Выбрать главу

Mais soudain, les hurlements de joie se turent.

Le hennissement nerveux d’un cheval avait fait tourner les têtes. Ojsternig, en selle sur son destrier, s’élançait vers eux au grand galop à travers la cour.

« Non ! », s’écria Mikael, dont le sang s’était glacé. Les bras écartés, il se planta devant l’animal.

Le cheval d’Ojsternig se cabra.

« Rien n’est fini, ramasse-merde ! hurla Ojsternig, les yeux exorbités. Sur la selle, devant lui, il tenait un couteau posé sur la gorge d’Eloisa. « Dis à cette racaille de me laisser passer, si tu ne veux pas que je l’égorge ici, devant toi ! »

Mikael recula d’un pas.

Eloisa était terrorisée.
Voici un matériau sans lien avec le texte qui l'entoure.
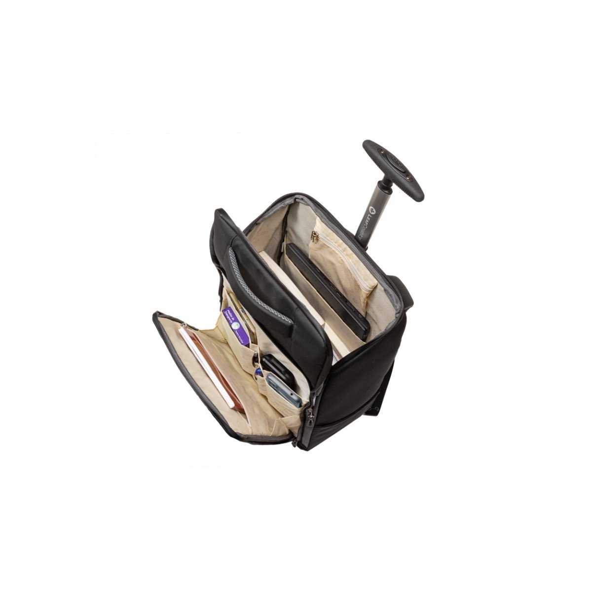 Con superficie engomada Waterproof, se convierte fácilmente en mochila o carrito, para mayor practicidad según la necesidad. Apertura de 90° y cierres sellados anti-filtración. Porta notebook de hasta 17”. Capacidad: 30 litros.

Une goutte de sang dessinait un mince fil rouge sur la peau blanche de son cou.

« Ôte-toi de mon chemin ! », cria encore Ojsternig, en retenant son cheval.

Mikael finit par se tourner vers ses hommes. « Ne bougez pas ! », leur ordonna-t-il.

Ojsternig sourit, une lueur folle dans ses yeux, et appuya plus fort sur la gorge d’Eloisa, qui gémit.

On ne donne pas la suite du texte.